Collected data
^^^^^^^^

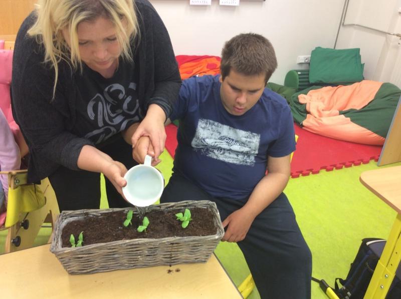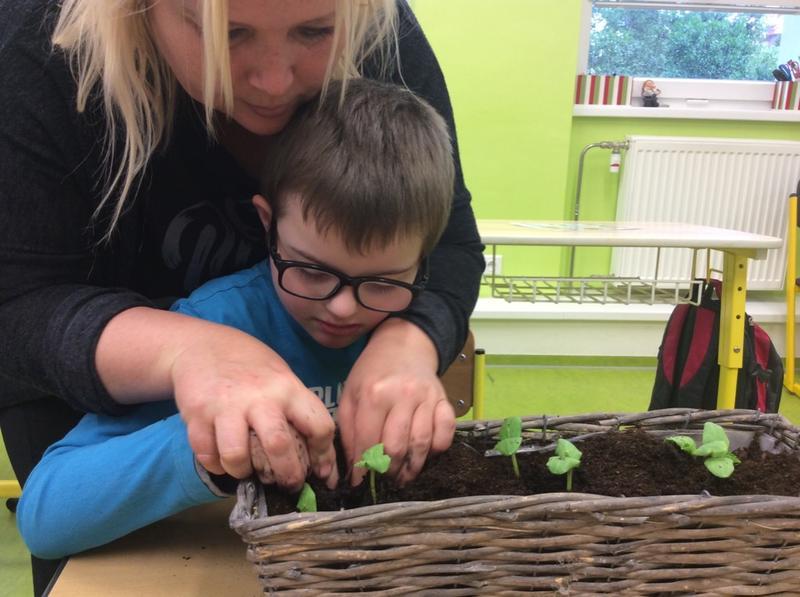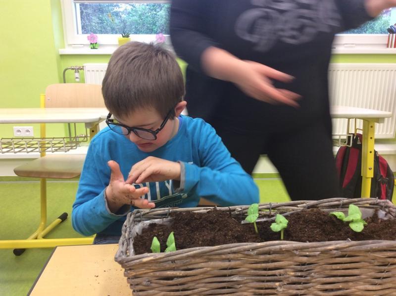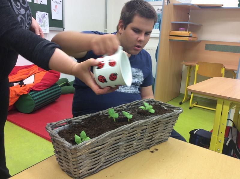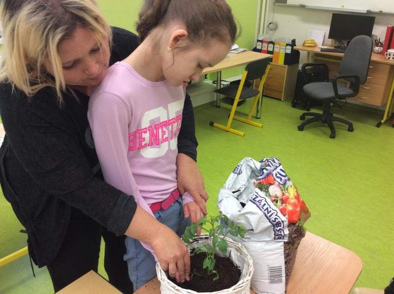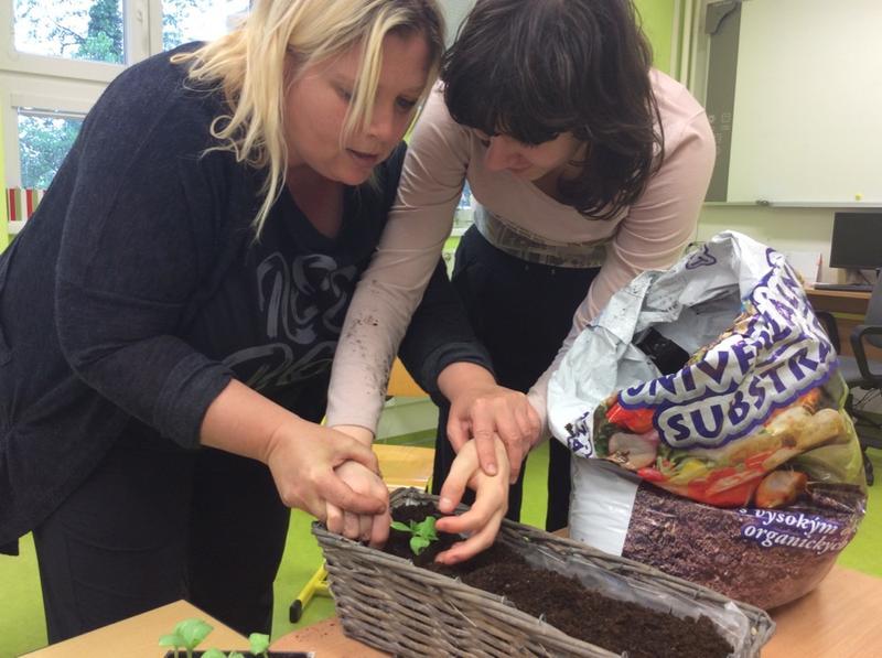 Tentokrát jsme si v pracovním vyučování vyzkoušeli opravdové zahradničení. Podařilo se nám postupně zasadit malé sazeničky okurek, rajčat i voňavých bylinek. Vyprávěli jsme si o zahradníkovi, na obrázcích prohlédli předměty, se kterými se opravdu pracuje.
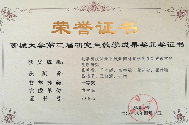 教学成果:校级 一等奖-数字科技背景下风景园林学研究生实践教学的创新研究
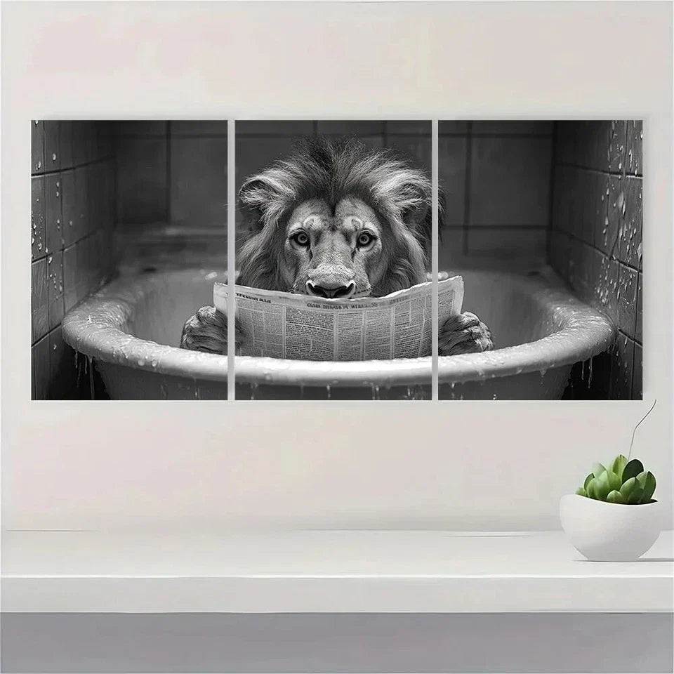 3pcs Lion Reading Newspaper Black And White Metal Print Ready to Hang Art
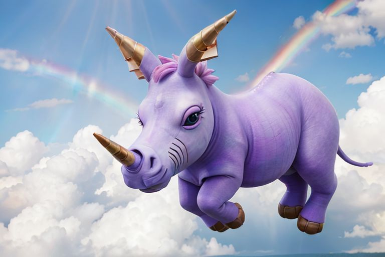 High definition, 8k, professional quality, bright, purple unicorn rhinosaurus, (horn on nose), happy, nice, smiling, beautiful, (big blue eyes), dilated pupils, jumping off a rainbow, bright, magical, clouds, god rays, light sky, blue, soft, full body view
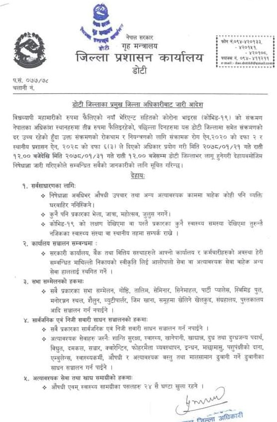 जिल्ला प्रशासन कार्यालय डोटीका प्रमुख सुनील खनालले बैशाख २१ गते राती १२ बजे देखि वैशाख ३१ गते राती १२ बजे सम्म निषेधाज्ञा जारी हुने बताएका छन् ।
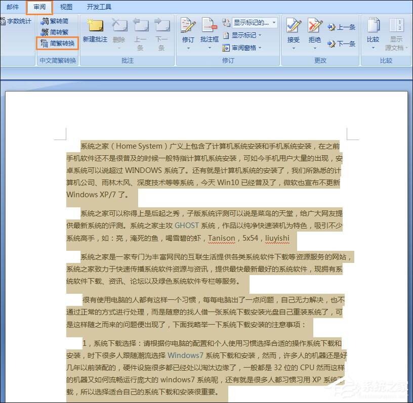 2、单击“审阅”选项卡,单击“简转繁”按钮,转换后的效果如下;
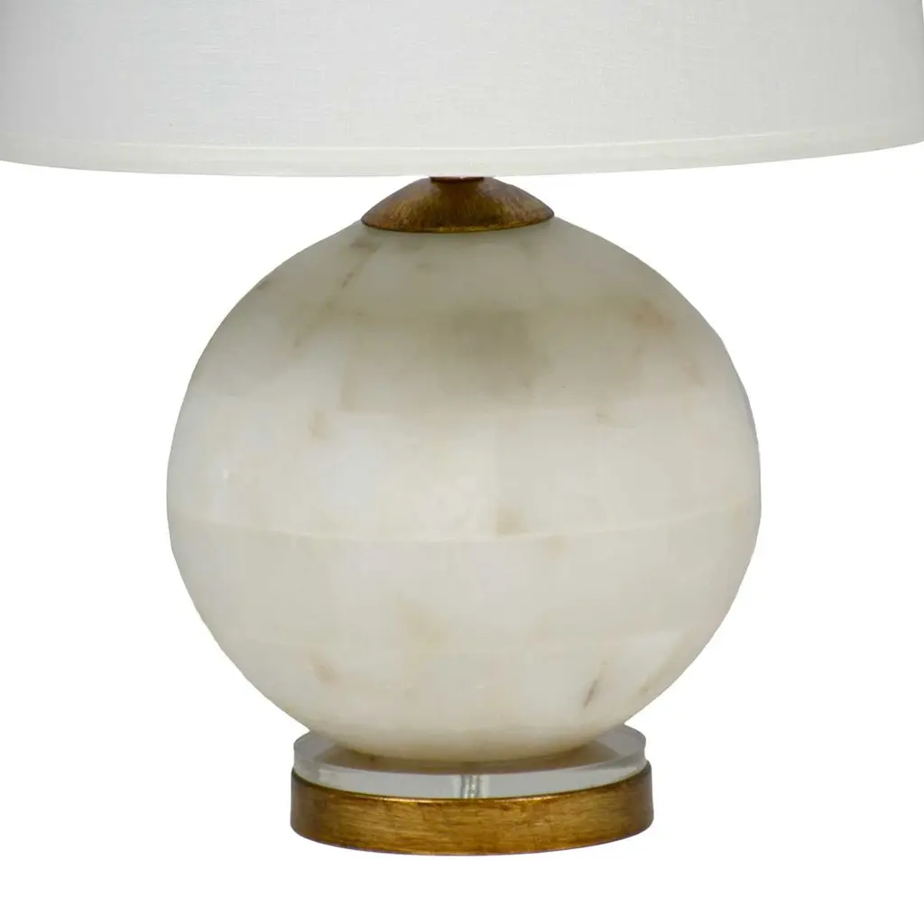 This impressive orb of tiled alabaster gleams with luster sitting atop a dual base of acrylic and gold. The globe silhouette of the Valencia Table Lamp makes it a glamorous transitional accent piece. Alabaster is a natural material. Differences in color and pattern should be expected and celebrated.
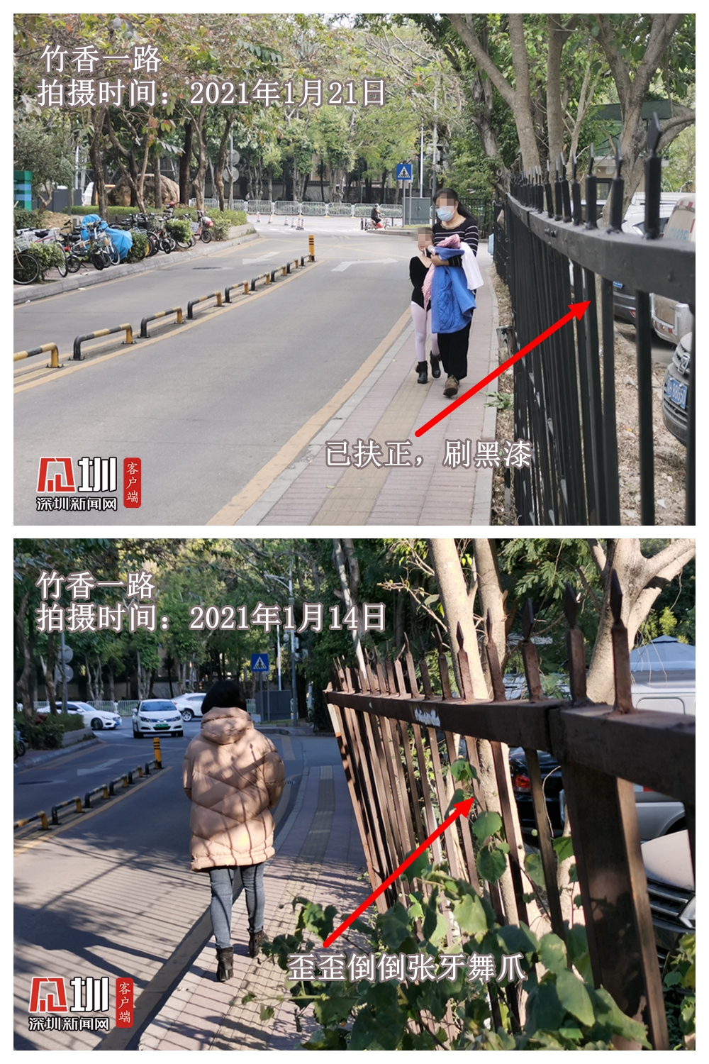 記者在竹香一路看到,原本向外傾斜的圍欄已經(jīng)全部扶正加固,且重新噴上黑色新漆,看起來整齊了許多,通行體驗(yàn)較之前更好?!艾F(xiàn)在弄得不錯(cuò),比之前牢固很多,向外的尖尖也都弄整齊了”家住附近的王先生說。

^^^^^^^^

__WHAT IS NEEDED__. Extract exactly the lines from the one containing "This impressive orb" through the last line of the records above, both included, and leave out the pictures.

__RESPONSE TO THIS TASK__.
 This impressive orb of tiled alabaster gleams with luster sitting atop a dual base of acrylic and gold. The globe silhouette of the Valencia Table Lamp makes it a glamorous transitional accent piece. Alabaster is a natural material. Differences in color and pattern should be expected and celebrated.
 記者在竹香一路看到,原本向外傾斜的圍欄已經(jīng)全部扶正加固,且重新噴上黑色新漆,看起來整齊了許多,通行體驗(yàn)較之前更好?!艾F(xiàn)在弄得不錯(cuò),比之前牢固很多,向外的尖尖也都弄整齊了”家住附近的王先生說。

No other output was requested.